What if a loan buyer knows that the lead bank does not have the right to sell the loans to the buyer? What if the loan buyer asks for assurances from the lead bank that it will pay the participants from the loan sale proceeds, yet the lead bank refuses to give such assurances? What if the buyer buys the loans notwithstanding
these circumstances? Is the buyer liable to the participants when the lead bank fails to pay them?
No, according the Appellate Court of Illinois. Ottawa Savings Bank v. JDI Loans, Inc., et al., 2007 Ill. App. LEXIS 686 (June 25, 2007). The reason? A loan participant
can only look to the lead bank for satisfaction of its loans.
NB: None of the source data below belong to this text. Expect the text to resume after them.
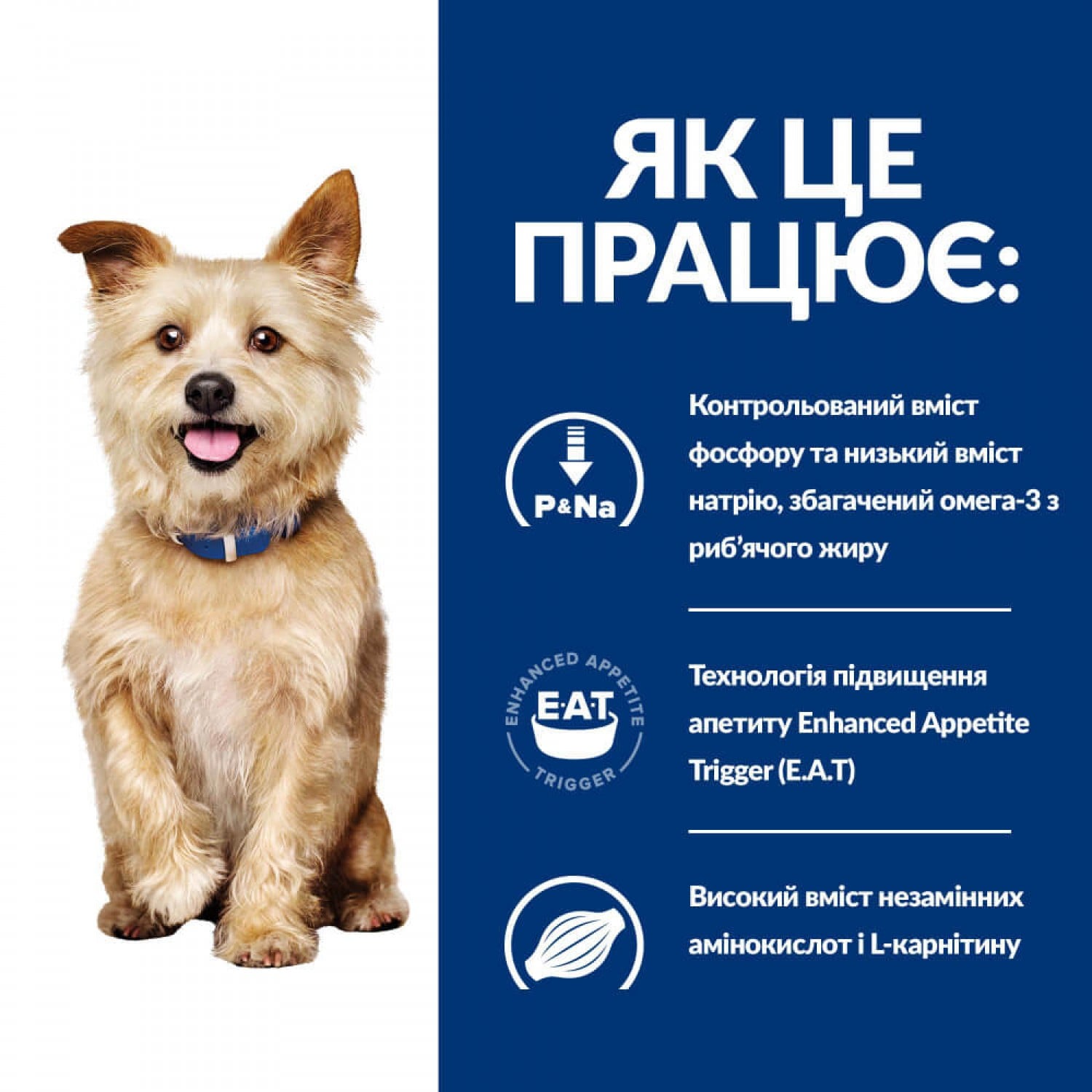 - Технология повышения аппетита Enhanced Appetite Trigger (E.A.T.) стимулирует аппетит у собак с заболеваниями почек, нуждающихся в повышенном потреблении калорий в 4-5.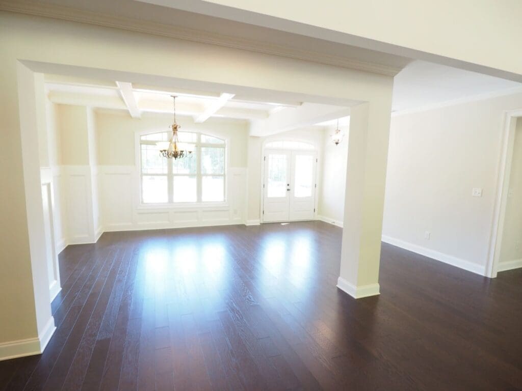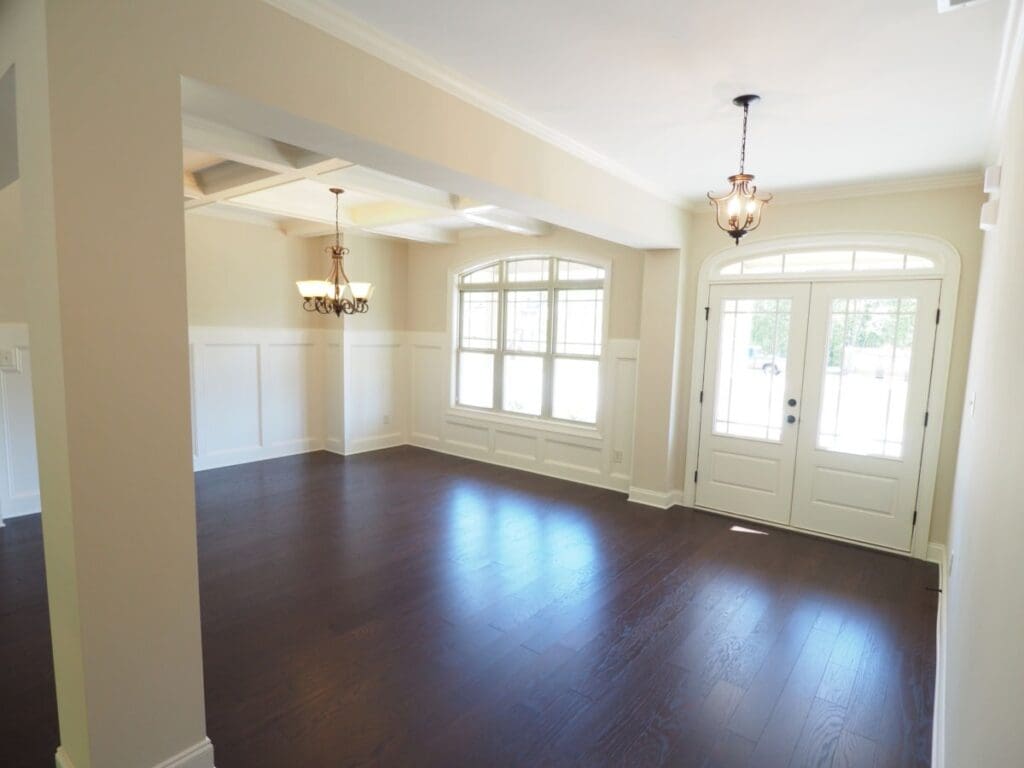 Both spaces are within view of the family room and kitchen, creating an open flow that feels warm, welcoming, and ideal for entertaining.
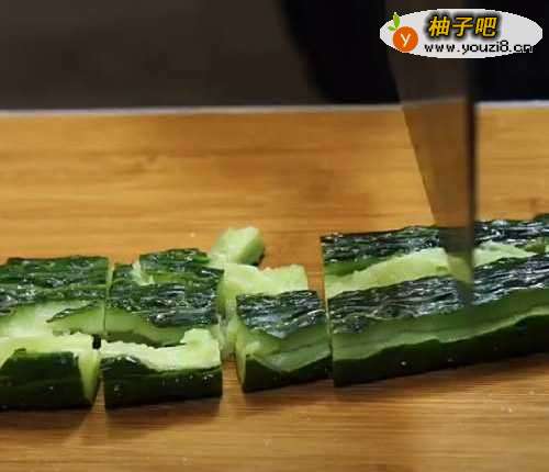 2把拍扁的黄瓜切成小块
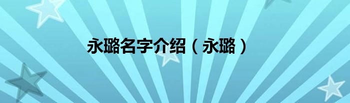 永璐名字介绍(永璐)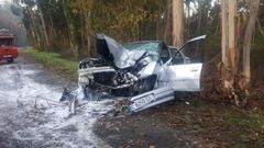 01 ene 2019 Un joven rianxeiro resultó herido en un aparatoso accidente en Catoira El vehículo que conducía quedó destrozado tras colisionar contra un eucalipto Bea Costa
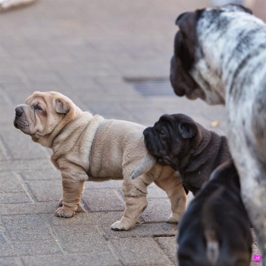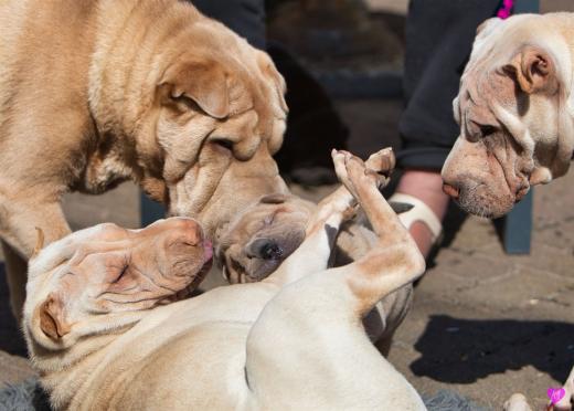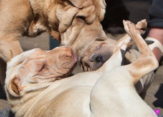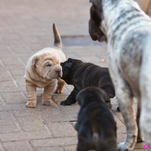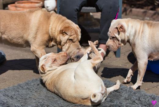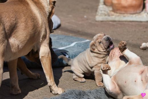 Titelbild: "Mini Hamster greift an". Es ist immer wieder unfassbar wie sich so kleine erst vier Wochen junge Welpen ins Rudel integrieren und von allen für voll genommen werden. Faszinierend.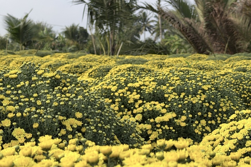 Theo bà Đường Thị Trúc Xuyến (42 tuổi, ngụ ấp An Hòa, xã Chợ Lách) chia sẻ, gia đình bà có ruộng cúc rộng khoảng 1.000 m² với hơn 2.500 chậu đã bung nở vàng rực. Theo bà Xuyến, phải gần nửa tháng nữa mới đến cao điểm xuất bán phục vụ Tết, nhưng toàn bộ vườn hoa đã nở đồng loạt.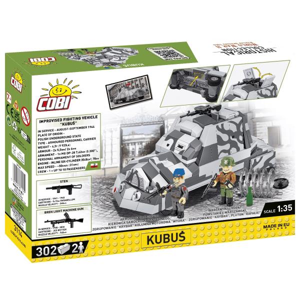 Postavte si model Kubuś, polský improvizovaný obrněný automobil, který postavili varšavští povstalci v srpnu 1944 během Varšavského povstání. Toto vozidlo bylo postaveno během několika dní v dílně na ul. Tamka. Byl postaven pomocí podvozku nákladního vozidla Chevrolet 157 a ocelových plechů, které měly posádku chránit před nepřátelskou palbou. Kubuś, vyzbrojený kulomety, se zúčastnil několika bojových operací, včetně neúspěšného útoku na Varšavskou univerzitu. Po skončení povstání Kubuś jako zázrakem přežil válku a v současnosti je vystaven v Polském armádním muzeu ve Varšavě jako symbol odvahy a vynalézavosti varšavských povstalců! Balení obsahuje 302 kostek a 2 figurky.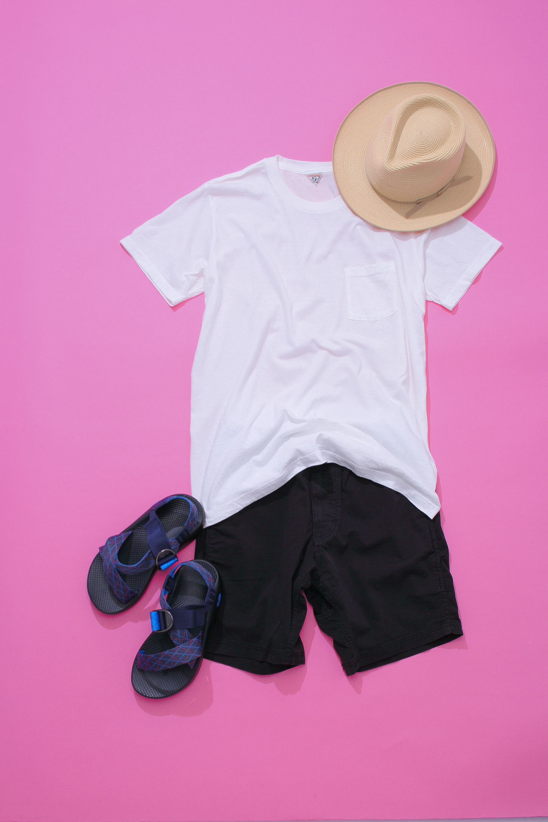 ▲ハット/STETSON(ステットソン)「STRATOLINER」(2万9160円)問: ステットソン ジャパン TEL: 03-5652-5890 Tシャツ(以下同)/フィルメランジェ(8100円) 問: バーニッシュ TEL: 03-3468-0152 ショーツ(以下同)/Gramicci (グラミチ)(8424円)/ジャケットリクワイヤード 表参道店 TEL: 03-6427-1961

Absent proving that the loan buyer was a party to any agreements with the participants, the loan buyer owes no duty to the participants.
This, notwithstanding that:
(1) the participation agreements provided that the lead bank did not have any ownership
interest in the participation loans and did not have the right to sell the participation loans;
(2) the loan buyer was provided with a copy of the participation
agreement form; and
(3) the loan buyer asked for various forms of assurances that the lead bank would pay the proceeds to the participants (payoff letters from participants, payment of the sale proceeds to the lead bank’s attorney, execution of a side letter stating that the lead bank will pay the participants), yet all such requests were refused by the lead bank.
It may be of some consolation that the president of the lead bank subsequently was imprisoned for bank fraud.